Selfportrait Approaching an artist such as Masaccio (1401-1428) means discovering undoubtedly one of the greatest painters of the 15th Century in Italy. Masaccio was immediately considered a supreme master since during all the Renaissance period most of the artists used to admire his fine works as ideal examples to learn the basic precepts and rules in the art of painting. Masaccio was actually the first painter who reflected in his works the Humanist philosophy by transforming the idealized Gothic conception of painting into a deeper and more realistic way of representing the reality of the world, closer to mankind. He is also considered the first painter who adopted the geometrical perspective with its vanishing point.
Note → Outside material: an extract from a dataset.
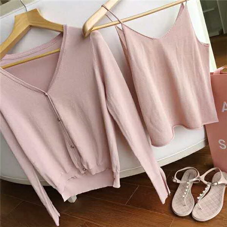 V领开衫外套吊带背心两件套

Despite his short life (he died when he was 26), he brought a new revolution in painting, moving away from the elaborated and refined ornamentations of the Gothic style (which you can find for example in Gentile da Fabriano). According to Vasari Masaccio was also extremely interested in the study of human anatomy. Needless to say the he was also the first painter who represented nude figures (Adam and Eve).
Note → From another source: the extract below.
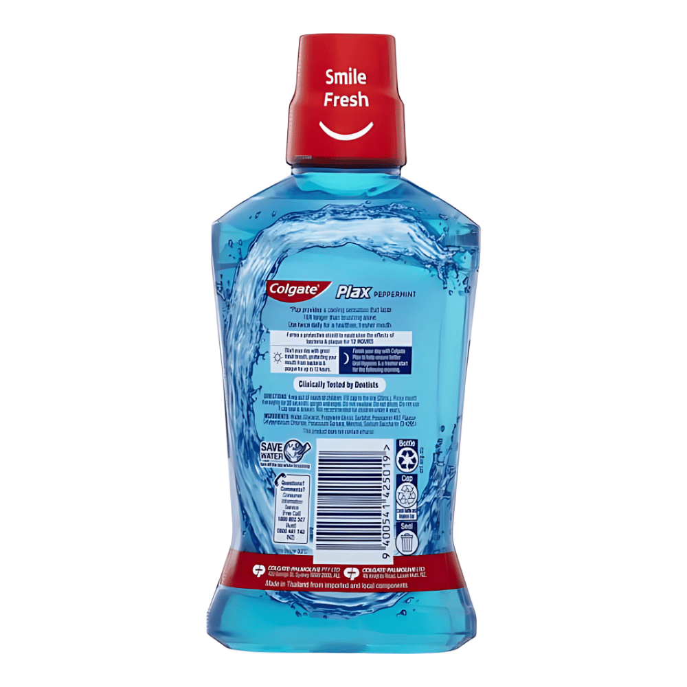 When used after proper brushing and flossing, Colgate Plax mouthwash helps deliver a plaque-control system. It works to further rid the mouth of bacteria that may linger on the tongue and inner cheeks, and helps stop new plaque from forming on and between teeth, as well as just below the gum-line. Colgate Plax forms a protective barrier shield to neutralise the effects of bacteria and plaque for 12 hours.

Of his personality we know that he was a very generous but also a messy and clumsy man. He often seemed absent-minded or careless: he paid very little attention not only to himself, but also to other people. He even had the reputation of forgetting to collect money from his debtors, except when he was broke. Owing to his character he was called “Masaccio”, instead of his real name “Tommmaso”, since “Maso” is an abbreviation for “Tommaso” and the ending “-accio” in Tuscany means messy, big and clumsy.
One of his most famous works is the “Trinità” in Santa Maria Novella Church, on the left wall inside the church, where the Virgin and St. John the Evangelist are contemplating the crucified Christ. Here, as well as in many other of his paintings, it is possible to appreciate the perfect use of perspective, following Brunelleschi’s rules. Vasari wrote about this work: “…the most beautiful thing there besides the figures is a barrel vault represented in perspective, and divided into squares full of bosses, which gradually diminish so realistically that the building seems hollowed in the wallbout this masterpiece”. Reportedly, Vasari was so keen on Masaccio’s masterpieces that he once told Michelangelo who was examining a work by Masaccio: “praised it greatly”.
Masaccio was also commissioned to finish the frescoes in Santa Maria del Carmine, in the Brancacci Chapel: they had been begun by Masolino who died, leaving them unfinished. His progress was so great in painting and his frescoes were so impressed that Vasari, writing about them, said: “In this same picture he showed his knowledge of foreshortening a view seen from below in a truly marvellous manner, and in the Apostle’s feet, how he has overcome a difficulty and shaken off the old rude manner, which, as I have said, made all the figures stand on the tips of their toes. This method lasted until his day without anyone correcting it, and he alone and first of all brought in the good style of to-day”.